Jekart. Pull the carpet. Call 3 companies that refurbish oak floors and get a price on doing the job. They will tell if it is worth doing..I had mine done professionally, 15 years ago. When I priced the rental of the machine, the sanding pads, sealant,my time etc. It was cheaper to have it done. If it is an older home, an oil based poly uerathne is the way to go. the water based stuff that looks like a basketball court will crack over time due to the movement of the floor. I had 10 people call the person that did mine for there floors. Pm ME if you need more info.


----------



## jpollman (Jan 14, 2001)

Elk5012 said:


> Looking at the gaps in the floor you need to rough sand to remove the finish and lightly spray water on the floor to swell the wood back to size. No puddles you don't want the oak turning black again. Let dry over night, then finish sanding the floor before staining or clearing. That should tighten up most of the gaps.


The problem I see with that method is that once the wood dries out, the cracks will come right back. Unless you increase the humidity in the house and keep it at a constant level, the wood will dry and the cracks will open back up. I have hardwood through my entire house except for my kitchen and laundry/mud room. For the most part the cracks are very small and not noticeable most of the year. In the winter they open up a bit but it's still not that bad and I don't worry about it. Once Spring comes, the humidity goes back up and the gaps close.

John


----------



## Elk5012 (Mar 27, 2008)

jpollman said:


> The problem I see with that method is that once the wood dries out, the cracks will come right back. Unless you increase the humidity in the house and keep it at a constant level, the wood will dry and the cracks will open back up. I have hardwood through my entire house except for my kitchen and laundry/mud room.
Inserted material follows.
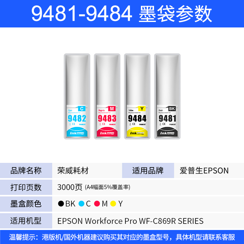 E9481 black BK cartridge E9482 blue C cartridge E9483 red M cartridge E9484 yellow Y cartridge four-color set to buy four-color two sets of matching waste ink

For the most part the cracks are very small and not noticeable most of the year. In the winter they open up a bit but it's still not that bad and I don't worry about it. Once Spring comes, the humidity goes back up and the gaps close.
> 
> John


 Thats what I do and tell the home owner they need a humidifier to keep moisture in the air. You're right, the wood does shrink and swell due to humidity. This just quickly puts life back into the wood. I've painted new homes and had case mouldings draw up away from the hardwood floors about an 1/8th of an inch within a few months with a poor set humidifier. Make sure you adjust it to the seasons.


----------